Pretend predators
Submitted photo Pictured is Radlee Cooper of Cherry Township with a nice largemouth bass caught and released during a morning of recreational fishing on Ely Lake in northeastern Minnesota.
Before heading up to Minnesota’s Iron Range to see family over the Fourth of July holiday weekend, I had the amazing experience to watch a loon at close range track down and take a relatively large panfish from the school of sunnies I was casting to just off the dock on the south shore of Big Detroit Lake. Under the water the bird moved swiftly and adeptly, unlike how loons usually are, flapping and struggling to get airborne and then skittering to an ungraceful stop upon landing after flights that seem all too fast for the lazy warm days of summer they spend in the region.
Twisting and taking after its prey like a fighter jet making impossible moves in some 1980s military movie, the bird pursued its target in amazing fashion, attempting to secure it in its pointy black beak. My fly line lay dormant at my feet as I watched the battle play out from my vantage point next to the pontoon lift. While the chase only covered a few yards, it felt like the black-and-white bird spent many minutes underwater and likely covered three times the distance than the confines of the small area that the game of cat-and-mouse was held in. While my efforts to connect with the panfish out in front of the shoreline structure and those used on the bass I’d pursue with my wife’s cousin’s kids on the waters up north exploited those fishes’ instinct to feed, the loon’s challenge was to overcome their instinct to flee. Certainly, any fish is capable of an extreme burst of speed, hard cornering turns, and other developed and inherited means of evasion when their survival depends on it.

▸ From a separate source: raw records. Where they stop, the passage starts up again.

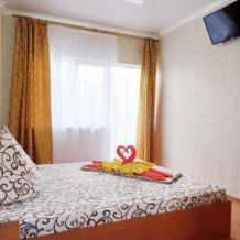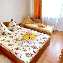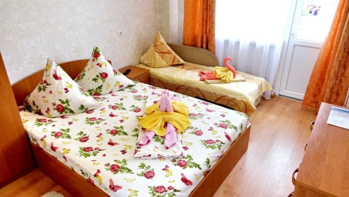Наш дом построен в 2015 году. Номера двух- и трехместные. В каждом номере: кондиционер, холодильник, телевизор, с/у и душевая кабина, совершенно новая мебель, постельное белье, необходимая посуда, фен. Вода горячая и холодная круглосуточно. Утюг и гладильная доска. Интернет Wi-Fi в номерах, Кабельное ТВ - 60 каналов.
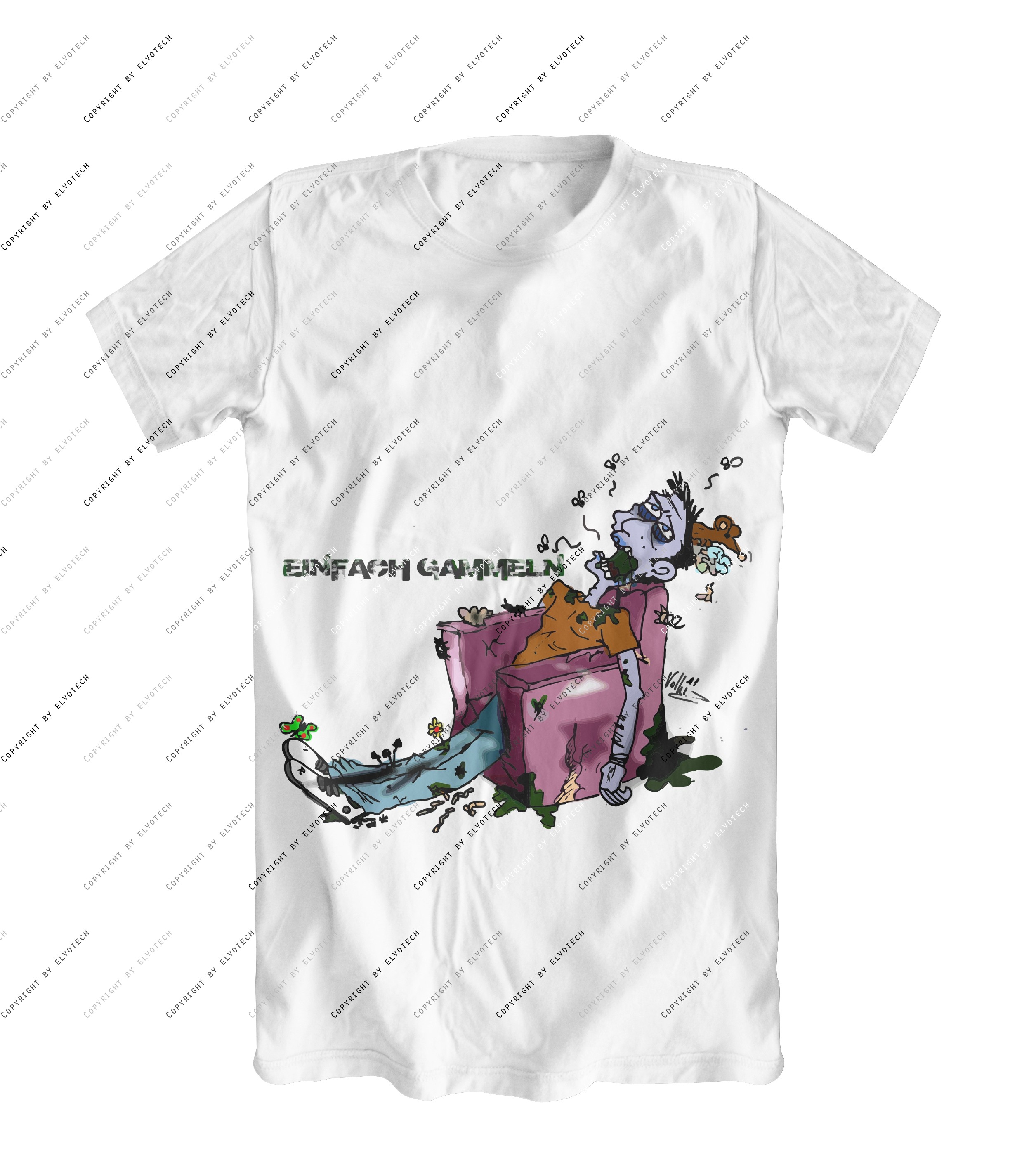 Ihr erhaltet ein T-Shirt in Weiss mit dem Druckbild wie in der Vorschau zu sehen.
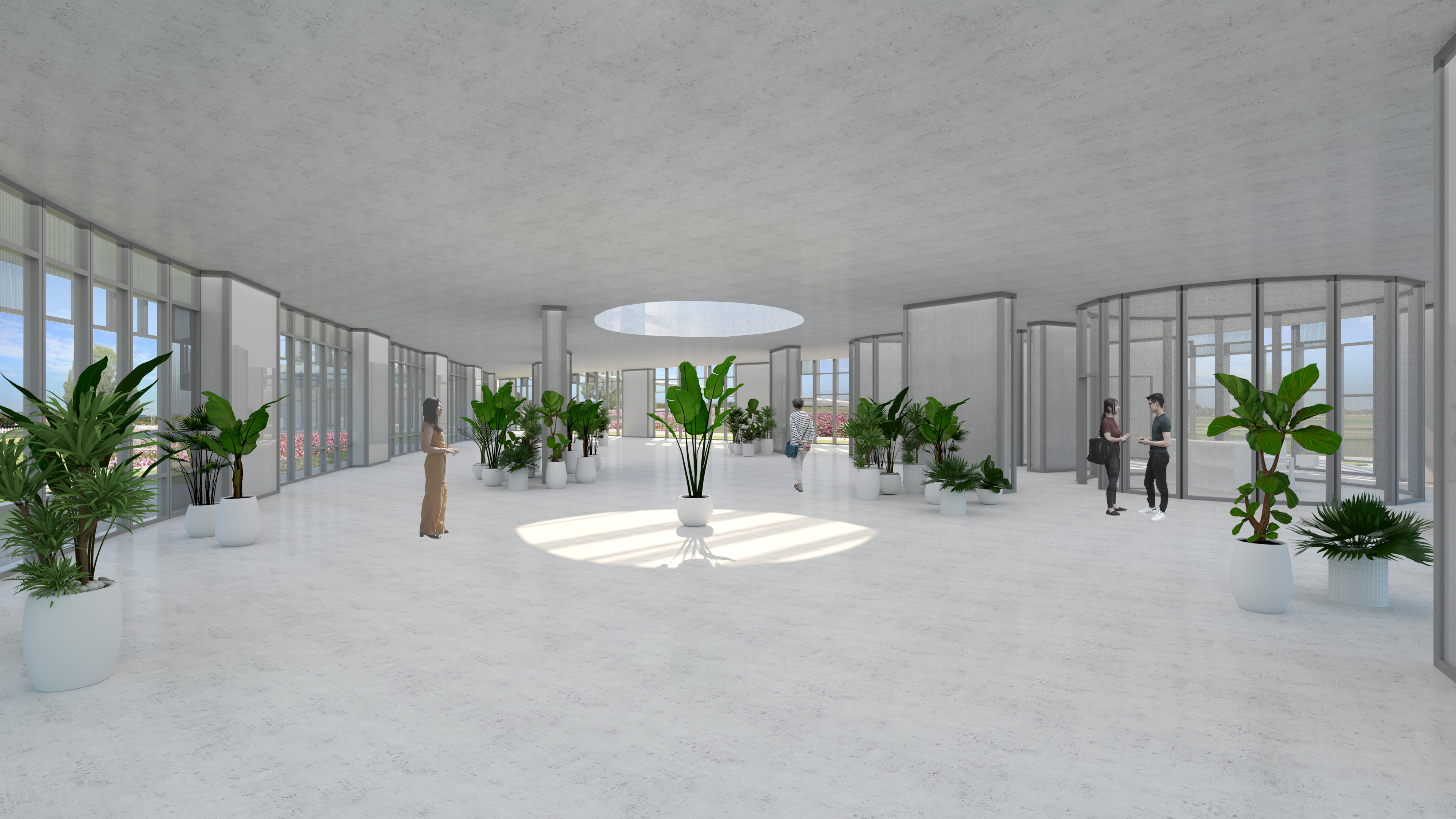 A brand new garden factory enclosed by 200M curvy-arranged aluminum frame window facade allows visitors to explore the window products through unique experience of free building plan.
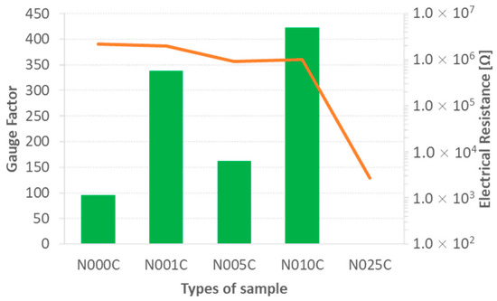 Electrical resistance (solid line) and Gauge Factors (columns) of the samples tested at compressive loading.
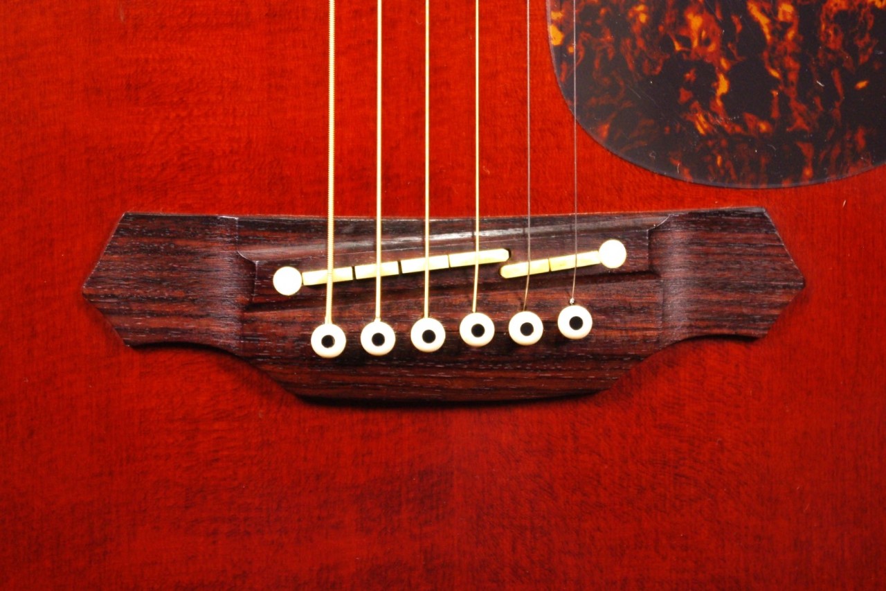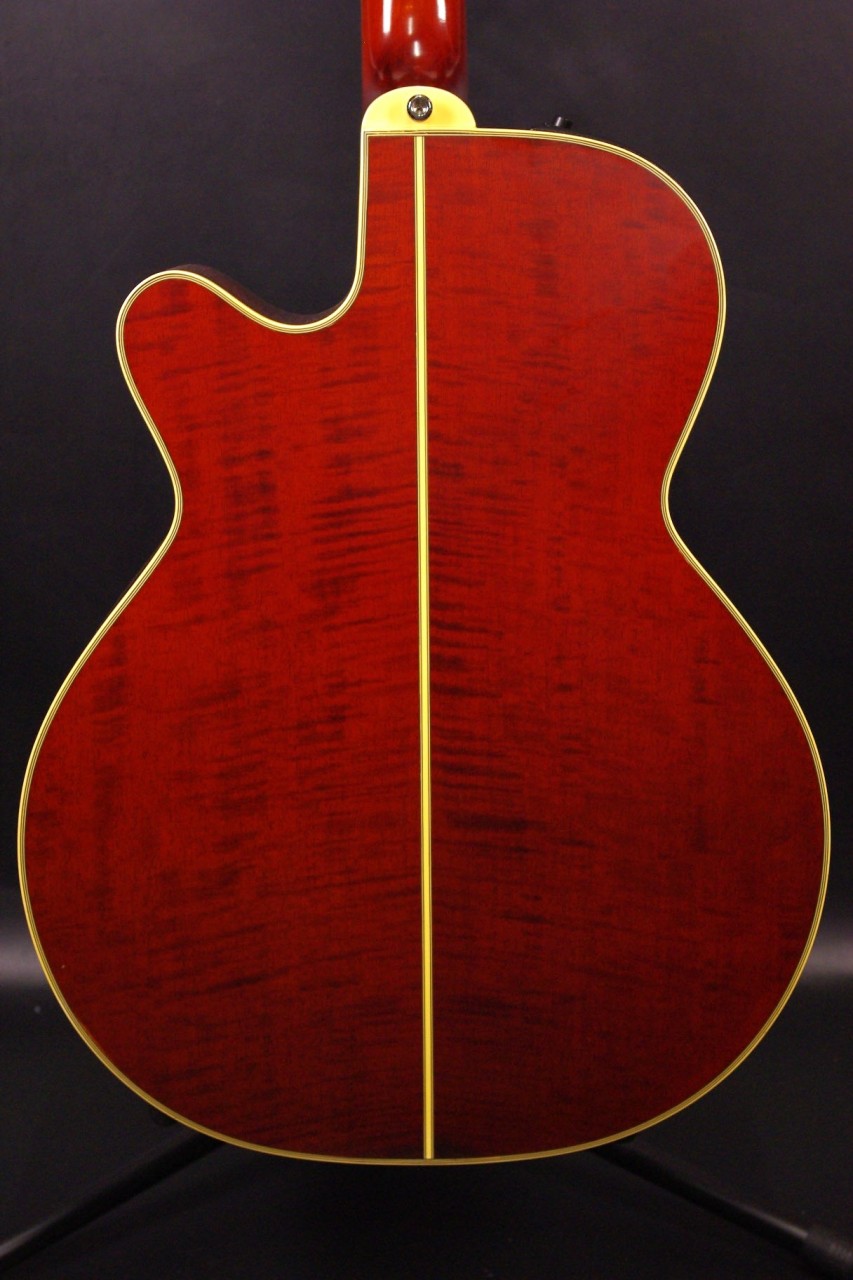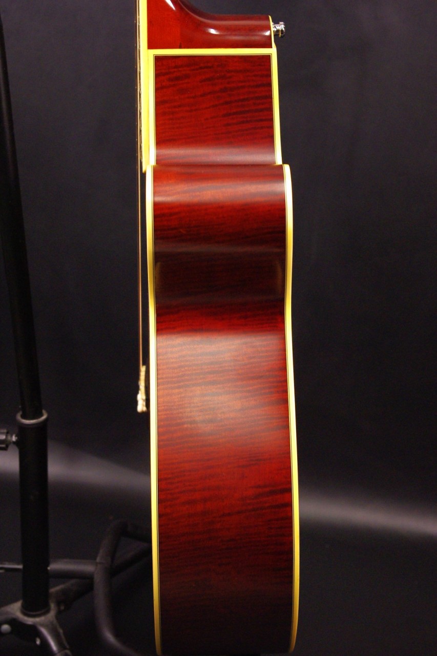 トップ スプルース単板、サイドバック メイプル、指板・ブリッジ エボニー、ネック メイプル、オリジナルゴールドペグ、べっ甲柄ピックガード、カッタウェイ、Xブレーシング、パラスティックステレオピックアップシステム搭載、

However, one larger sunfish was unable to escape, and became not only the loon’s breakfast, but also the sacrificial lamb of the school below sparing the rest from any further early morning harassment by the bird now attempting to down its meal.
I was glad that my work to connect with my quarry over the weekend, and that of my fishing buddies, wasn’t nearly as challenging. While the loon used its masterful underwater maneuvers to fill its belly and stave off hunger or even mortality for another stretch, our efforts were ones of recreation, flipping flies and pitching tubes at fish we’d turn back to the water instead of eating. While both pursuits were purposeful, ours had little to do with ensuring survival, save for eliminating some stress and finding some fun outdoors which in my mind is part and parcel with a life well lived. That aside, we were pretend predators at best in comparison to the hard hunting loon.
And that juxtaposition of predators — be it the loon, or us good natured fishermen out looking for a fun morning of catching up while catching a few fish — presented a moment of thought and perhaps showed how far we as humans have come as a species in just a few thousand years: from barely staying alive, to thriving to the point where we could throw our food back into the water. It also reminded me how wild predators truly exert effort to subdue their prey, be it wolves in pursuit of a deer, hawks hovering over the homes of wary prairie rodents, or even the loon dipping its head below the surface on lookout for a school of fish. The brief morning interaction, and my angling activities with family, gave me a new appreciation for the bird which via its haunting calls just before dawn had always been a hallmark of the lake I grew up on each summer, and respect for the work that goes into surviving on both ends of the food chain, no matter the predator in pursuit … in our outdoors.